Will Increasing Regulation of the Acquiring Industry Abroad Affect the U.S. Market?

By Jim Daly

The Canadian government’s move last week to strengthen its Code of Conduct for the payment card industry and the European Union’s approval in March of rock-bottom interchange rates for credit and debit cards has observers wondering if more regulation is in store for the U.S. merchant-acquiring industry.

The United States does have its Durbin Amendment that puts a price cap on the interchange big banks can receive on debit card transactions. The amendment, part of the 2010 Dodd-Frank Act, also created debit card transaction-routing requirements intended to give merchants more choice among debit networks. By and large, however, the U.S. payment-card industry has escaped the type of regulation affecting cards in other countries.

But there are plenty of ideas for U.S. lawmakers and regulators to consider should they decide to increase their scrutiny of payments issues, according to a story in Digital Transactions magazine’s upcoming May edition. A 2014 survey by the Federal Reserve Bank of Kansas City identified a growing trend by governments to intervene in the payment card industry to correct a host of perceived problems, including allegedly overly-high interchange rates and restrictive network rules for merchants.

The survey documented 38 countries where public authorities intervened in or began investigations of networks’ interchange or merchant-service fees. A few such actions began in the 1990s, but most started in the 21st Century, with seven beginning in 2010 or later.

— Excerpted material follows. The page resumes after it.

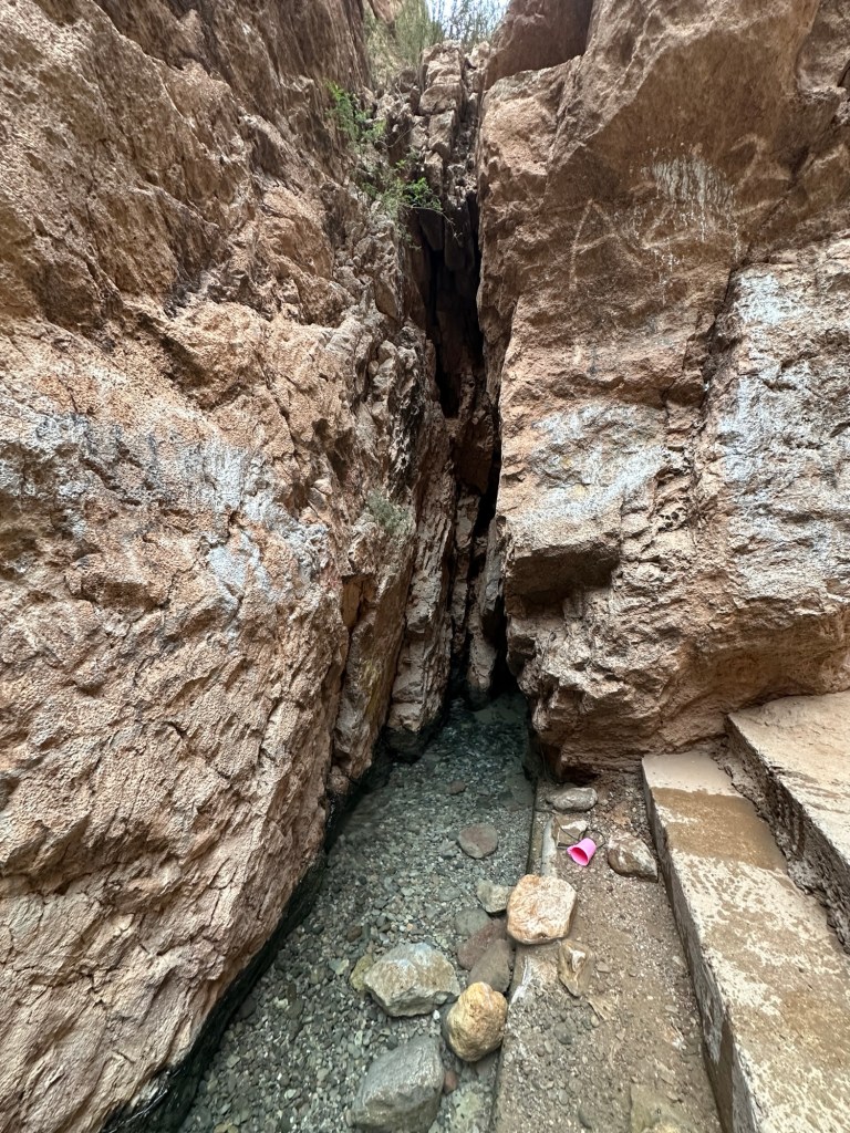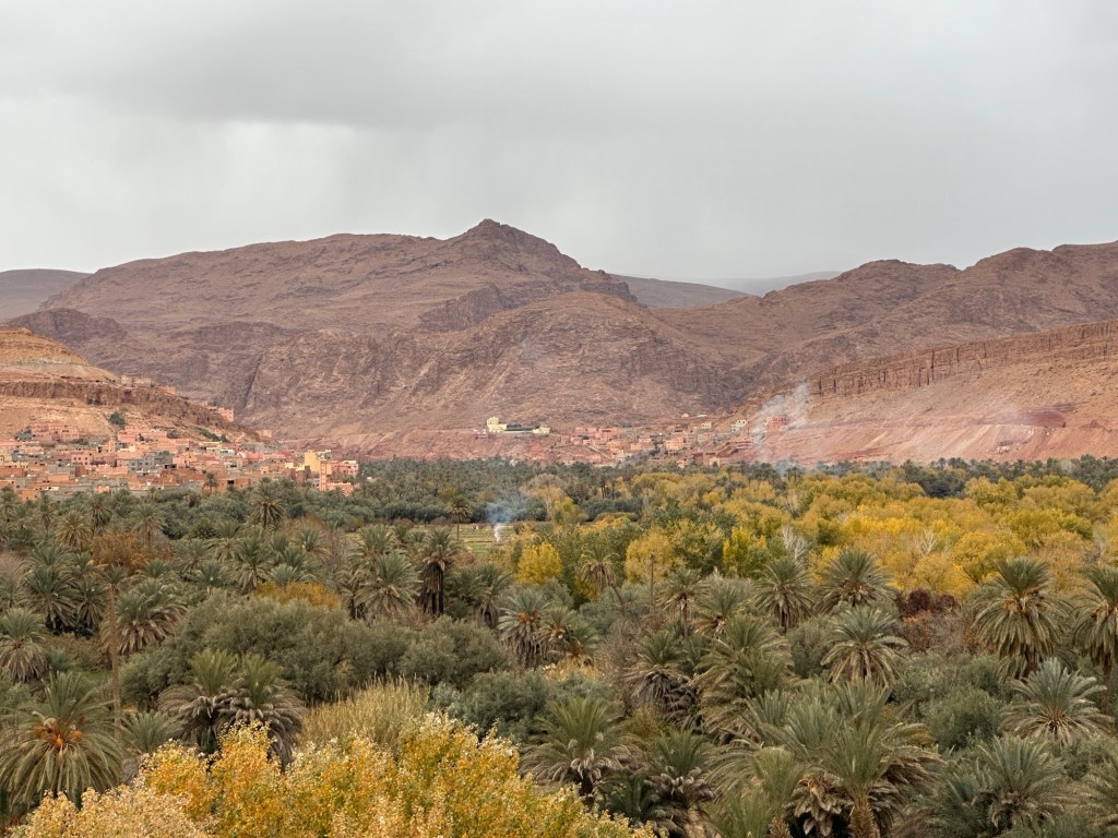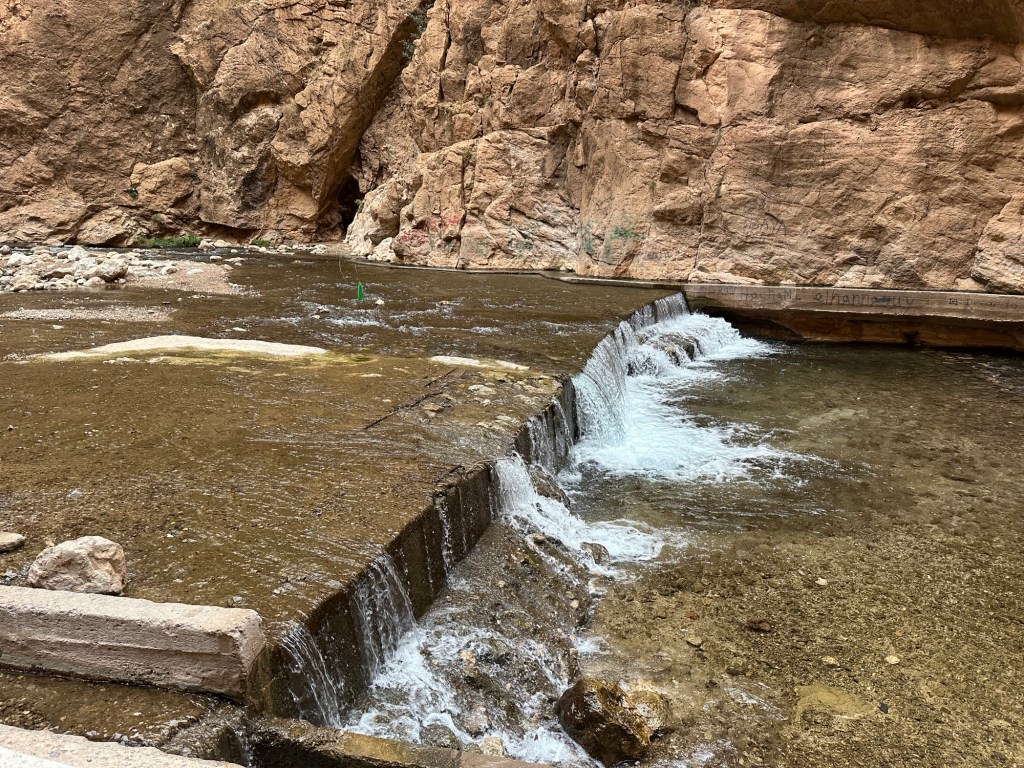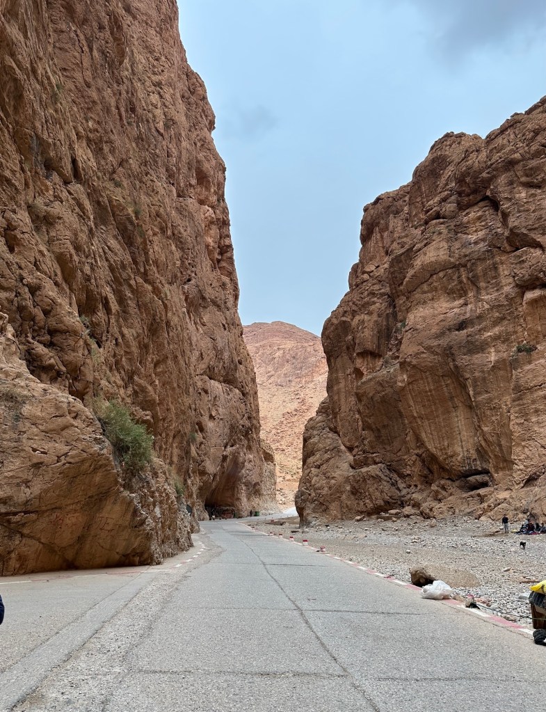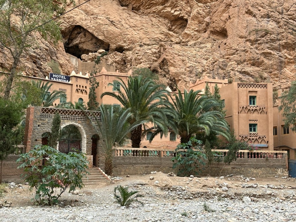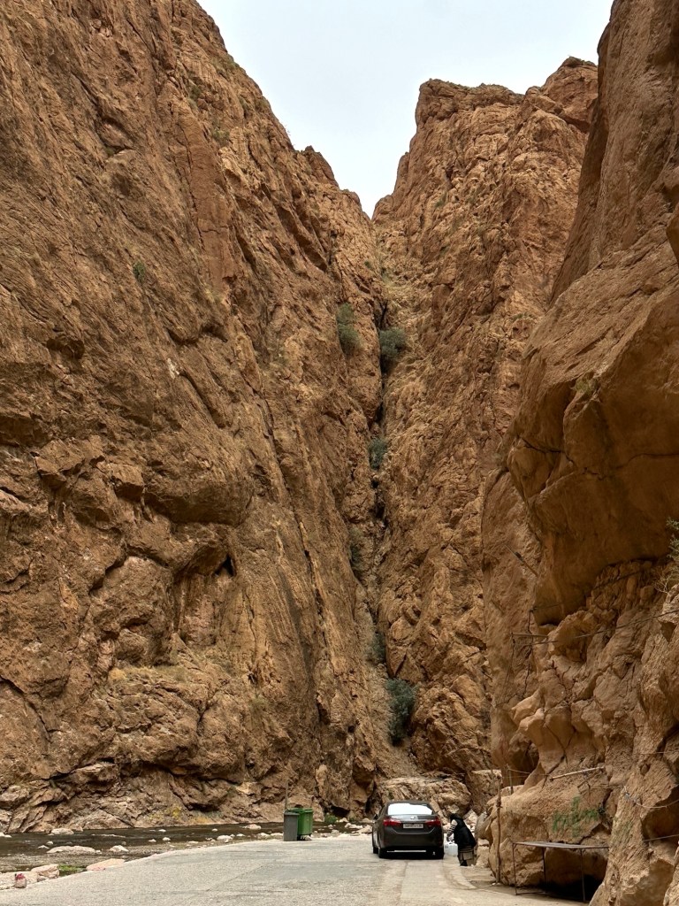 Originally we are supposed to travel to see Dades Gorge tomorrow but there is rain coming that is supposed to cause large floods in the area. Instead we schedule to see another gorge today so we don’t get trapped in the region (in fact another group after us does get trapped and we see footage of devastating flooding). For now we visit Todgha gorge instead.

Governments also intervened in or launched investigations of no-surcharge and non-discrimination rules in 36 countries, according to the survey. All but eight of those investigations have begun since 2005. “We’ve definitely been seeing a lot more of this activity,” says Kevin Hodges, chief financial officer of EVO Payments International, a merchant processor based in Melville, N.Y., that also operates in Canada and Europe.

Few observers believe Congress intends to extend Durbin-like regulations to credit cards. The Durbin Amendment forced Congress to choose between two key constituencies, retailers, who generally supported the restrictions, and banks, which strongly opposed them, and lawmakers don’t want a repeat. The amendment was a small part of Dodd-Frank, which was meant to address mortgages, banks investment policies and other issues raised by the financial crisis of 2008.

“The conditions that were present for the Durbin Amendment were kind of unique and unusual and hard to replicate,” says Marc Abbey, managing director of Annapolis, Md.-based First Annapolis Consulting Inc.

That doesn’t mean the U.S. card industry can rest easy. The Consumer Financial Protection Bureau, another creation of Dodd-Frank, has been particularly active in 2015 regarding payments. In a federal lawsuit filed in April against a group of allegedly fraudulent debt-collection companies and their owners, the CFPB also named as defendants the big merchant processor Global Payments Inc. and three independent sales organizations for their roles in providing payment services to the debt collectors. PayPal Inc. also recently reported that the CFPB might sue it over its credit products. And the CFPB has proposed sweeping regulations on prepaid cards.

At the state level, one of the more recent ideas is to exempt merchants from paying interchange on the state and local tax portion of payment card sales. Bills to such effect have been proposed in Colorado, Nebraska, and Arkansas. The one in Colorado was killed in early March, but the potential for card-pricing regulations in states never seems to go away. “It’s safe to say the effort to try to affect the current level of interchange has moved from Washington to the states,” says Scott Talbott, senior vice president of government affairs at the Washington, D.C.-based Electronic Transactions Association.

The payment card industry also faces antitrust challenges from time to time. Most recently, American Express Co. said it plans to appeal a judge’s ruling in a case brought by the U.S. Department of Justice that its anti-steering rules for merchants are anti-competitive. But the Kansas City Fed study says the worldwide trend is moving away from antitrust actions and toward more activity by regulators, such as central banks or other agencies, which are perceived to be more flexible in payments issues than antitrust actions.